• [Supplied material]
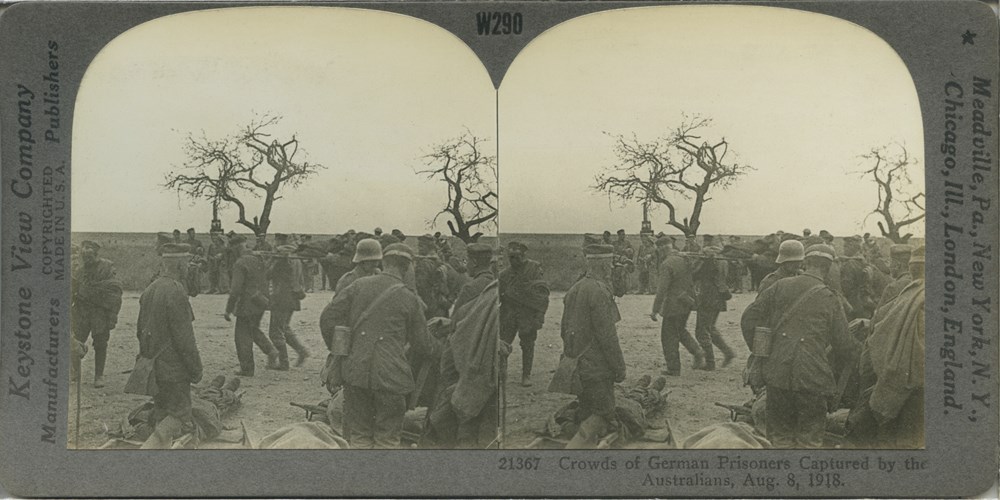 Image Id: 1502 Contributor: The Jordan/Ference Collection Theatre: Western Front Subject: Prisoners Location: Unknown Regiment: Unknown Service Arm: Unknown Battle: Unknown Date: 8 August 1918 Combatants: German Publisher: Keystone View Co Source: American Directory: 20000 Plus
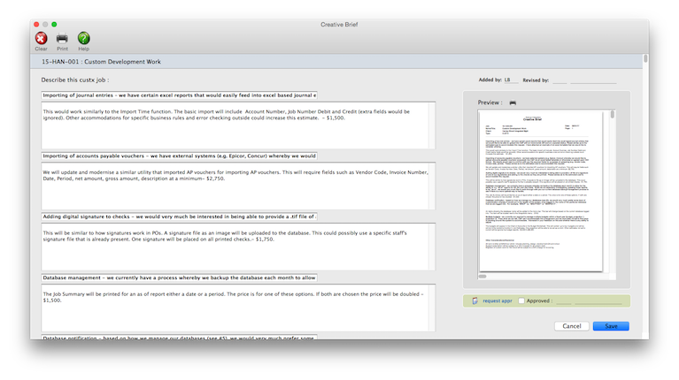 With Clients & Profits, the creative brief is an integral function of the electronic job jacket.
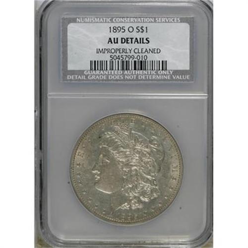 <B>1895-O $1 --Improperly Cleaned--NCS. AU Details.</B></I> Fine hairlines are visible on the light golden-gray surfaces, more so on the obverse, and traces of luster reside in the recesses, particularly on the reverse. Typically struck, with weak central areas.<BR><BR><B>Coin Engraver:</B> George T. Morgan<BR><BR><b>Shipping:</b> Coins & Currency (<a target="_blank" href="http://www.heritageauctions.com/common/shipping.php">view shipping information</a>)
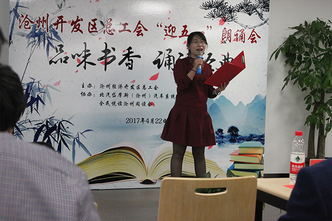2017年4月22日,滄州開發(fā)區(qū)總工會(huì)主辦,北汽岱摩斯(滄州)汽車系統(tǒng)有限公司工會(huì)、全民悅讀滄州閱讀會(huì)協(xié)辦的“迎五一誦讀會(huì)”如期舉行。此次朗讀會(huì)主題為“品味書香,誦讀經(jīng)典”,是為打造滄州東部新城,在開發(fā)區(qū)推廣全民閱讀的一次嘗試。我公司職工劉艷麗、鄭福貴分別在會(huì)上深情朗讀了詩(shī)歌《相信未來(lái)》、《希望,展翅飛翔》。

• [Work instruction] Output only the lines from the start of the data through the line that holds "With Clients &". Keep them exact and leave the pictures out.

• [Exercise solution]
 Image Id: 1502 Contributor: The Jordan/Ference Collection Theatre: Western Front Subject: Prisoners Location: Unknown Regiment: Unknown Service Arm: Unknown Battle: Unknown Date: 8 August 1918 Combatants: German Publisher: Keystone View Co Source: American Directory: 20000 Plus
 With Clients & Profits, the creative brief is an integral function of the electronic job jacket.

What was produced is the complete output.